Kurzgesagt – In a Nutshell

Sources - What Happens if we Nuke the Moon?

We would like to thank the following experts for their support:

Prof. Matthew Caplan,

Professor of Physics at Illinois State University.

Alex Wellerstein

Historian at the Stevens Institute of Technology.

– During the cold war the moon was a major target for space exploration and you know, military bases. So the US Air Force commissioned a serious study of the effects of a nuclear detonation on the surface of the moon.

Even though the study is around 60 years old, it is still one of the few publicly available studies on the effects of a nuclear detonation on the Moon.

#A STUDY OF LUNAR RESEARCH FLIGHTS, US Air Force Special Weapons Center, 1959

https://nsarchive2.gwu.edu/NSAEBB/NSAEBB479/docs/EBB-Moon02.pdf

Quote: “Nuclear detonations in the vicinity of the moon are considered in this report along with scientific information which might be obtained from such explosions. The military aspect is aided by investigation of space environment, detection of nuclear device testing, and capability of weapons in space.”

Back then the American space program was still entirely under military control. Next to scientific questions like “what happens if we nuke the Moon” they were also interested in setting up a Moon base to conduct surveillance operations and assist with scientific research.

#Project Horizon, US Army, 1959

https://history.army.mil/faq/horizon/Horizon_V1.pdf

https://history.army.mil/faq/horizon/Horizon_V2.pdf

Quote: “There is a requirement for a manned military outpost on the moon. The lunar outpost is required to develop and protect potential United States interests on the moon; to develop techniques in moon-based surveillance of the earth and space, in communications relay, and in operations on the surface of the moon; to serve as a base or exploration of the moon, for further exploration into space and for military operations on the moon if required; and to support scientific investigations on the moon. ”

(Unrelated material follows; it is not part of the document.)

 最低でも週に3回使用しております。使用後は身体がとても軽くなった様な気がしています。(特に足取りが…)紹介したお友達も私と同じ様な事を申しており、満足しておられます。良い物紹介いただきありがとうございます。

Quote: “The scope of this study covers the design criteria and requirement of a lunar outpost, its construction and maintenance, and a summary of its operational aspects.”

– But just quoting stuff is boring, so let us conduct a very important scientific experiment with an imaginary 100 megaton thermonuclear warhead, about twice as powerful as the most powerful bomb ever detonated. We’ll also place a number of curious astronauts around the moon as observers.

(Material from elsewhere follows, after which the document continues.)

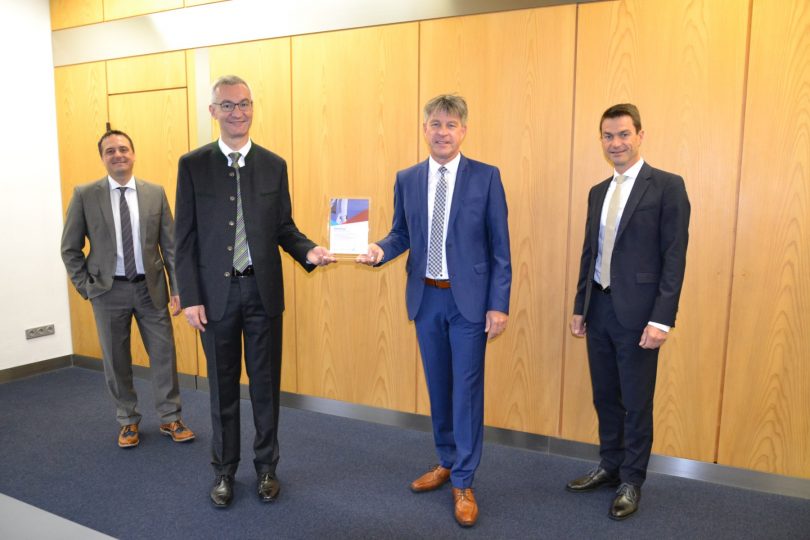 Bildunterschrift: Vertriebsvorstand Stephan Donderer (2.v.l.) übereicht Rainer Obertshauser (3. v.l.) die Auszeichnung. Es gratulieren Christian Matschina, Leiter GewerbekundenCenter Bad Aibling/Mangfalltal/Oberes Inntal (links) und Thomas Dobner, Gebietsdirektor Bad Aibling/Mangfalltal/Oberes Inntal (rechts).

The most powerful bomb that was ever detonated on Earth was the Tsar bomb with a yield of 50-megaton, equivalent to 2.1 * 10¹⁷ Joules or roughly the total power output of the entire world for a day.

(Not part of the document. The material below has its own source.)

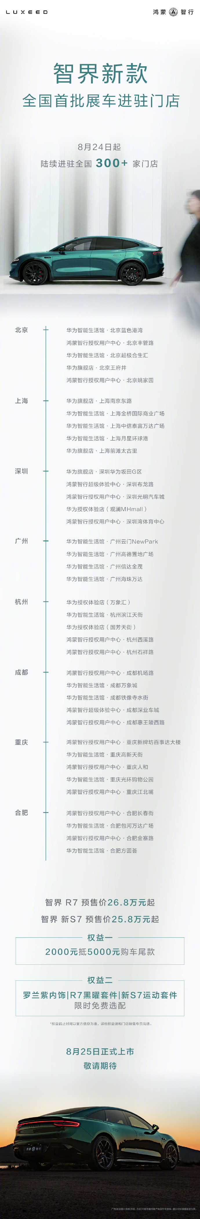 鸿蒙智行新款智界 R7 / S7 陆续进驻全国 300+ 门店:预售 25.8 万起,明日上市

#Tsar Bomba, Encyclopædia Britannica, retrieved 2020

https://www.britannica.com/topic/Tsar-Bomba

Quote: “Tsar Bomba [...] was detonated in a test over Novaya Zemlya island in the Arctic Ocean on October 30, 1961. The largest nuclear weapon ever set off, it produced the most powerful human-made explosion ever recorded.[...] It had a 100-megaton capacity, though the resulting fallout from such a blast was considered too dangerous for a test situation. Thus, it was modified to yield 50 megatons, which was estimated to be about 3,800 times the strength of the U.S. bomb dropped on Hiroshima during World War II. ”

The imaginary bomb we use in the video technically existed, it has the intended yield of the Tsar Bomba. However, it was considered too dangerous to detonate such a powerful bomb for testing so the yield of the Tsar Bomba was reduced by half.

– Let us push the button and slow down time. For the first few milliseconds nothing much happens outside our weapon. Meanwhile inside, high explosives send a shockwave to a radioactive metal core, compressing it so much that it reaches critical mass and starts a nuclear fission chain reaction, heating this first stage to a 100 million degree hot plasma, only to set off the second stage, which starts fusing atomic nuclei like the core of a star.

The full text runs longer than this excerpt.